Моя мама – автор женских романов, то детективных, то не очень. Стыдно признаться, ни одного не читала. Продаются неплохо. Больше в регионах. Но это отнюдь не значит, что такой вид деятельности приносит большие деньги. По крайней мере, я этих денег не видела.

– Мам, я не хочу так жить!

– А есть ты хочешь?

– То есть у меня только два варианта: либо подносить кофе друзьям Эмиля, либо быть твоим лит. негром?

– Ты слишком грубо сформулировала. Это лишь начало.
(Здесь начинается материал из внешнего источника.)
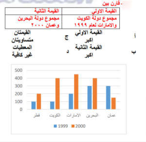 اذا كان أ ، ب ، ج ، د ، هـ اعداد طبيعية مرتبة تصاعدي علي خط الاعداد فقارن بين
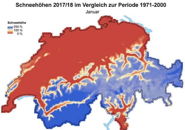 Der Januar war aussergewöhnlich niederschlagsreich und gleichzeitig der wärmste seit Messbeginn. Dies führte einerseits zum Wegschmelzen des Schnees in tiefen Lagen und andererseits zu extremen Schneemengen in den mittleren und hohen Lagen. Die langjährigen Stationen Saas-Fee und Zermatt registrierten dabei die höchsten Januar-Neuschneesummen seit Messbeginn vor mehr als 70 Jahren. Insgesamt wurden während der 25-tägigen Niederschlagsperiode vom 30. Dezember bis 23. Januar in Teilen des Wallis und Tessins oberhalb 2000 m bis zu 5 m Neuschnee gemessen. Im Vergleich mit der 30-tägigen Neuschneesumme im Januar/Februar 1999 sind das 60 bis 80 % der damals am Alpennordhang gemessenen Neuschneesummen. In der zweiten Januarhälfte erreichte die Schneehöhe an viele Orten in den ganzen Schweizer Alpen neue Rekordwerte für das jeweilige Datum.

Многие великие сценаристы начинали с того, что носили кофе на съемочной площадке.

– Знаешь, зачем папа меня отправил в Лондон??? Чтобы я никогда, слышишь, НИКОГДА не носила никому кофе.

– Все через это проходят. У тебя есть другие варианты? Я рада бы тебе помочь, но у меня своя жизнь – ты уже взрослая. Поносишь кофе, не развалишься. Опустись с небес на землю!

Когда мама переходит на крик, то иногда у нее в уголках губ появляется капелька слюны. В детстве я протягивала ей салфетку, и мы переставали ругаться.

Салфеток под рукой не было.

Как и желания.

– Варианты всегда есть, – восстал из ада мой оптимизм.

– Какие? Тебе хоть из одной компании ответили на резюме? Ты витаешь в облаках, думая, что кому-то нужны молодые дарования. Чтобы иметь все и сразу, есть только два пути: стать шлюхой или содержанкой, что в общем-то близко по содержанию.

– Да легко.

Я нажала на тормоз и остановила машину в самом центре пробки. Вышла под возгласы других машин, которые сигналили моему экспрессивному поведению. А мне было плевать.

– Ты совершаешь глупости и работаешь на публику! Я прекрасно знаю, что ты никогда на подобное не решишься! – крикнула она мне вдогонку, потом пересела на переднее сиденье и начала задумываться, каким аперитивом запить данный вид ссоры.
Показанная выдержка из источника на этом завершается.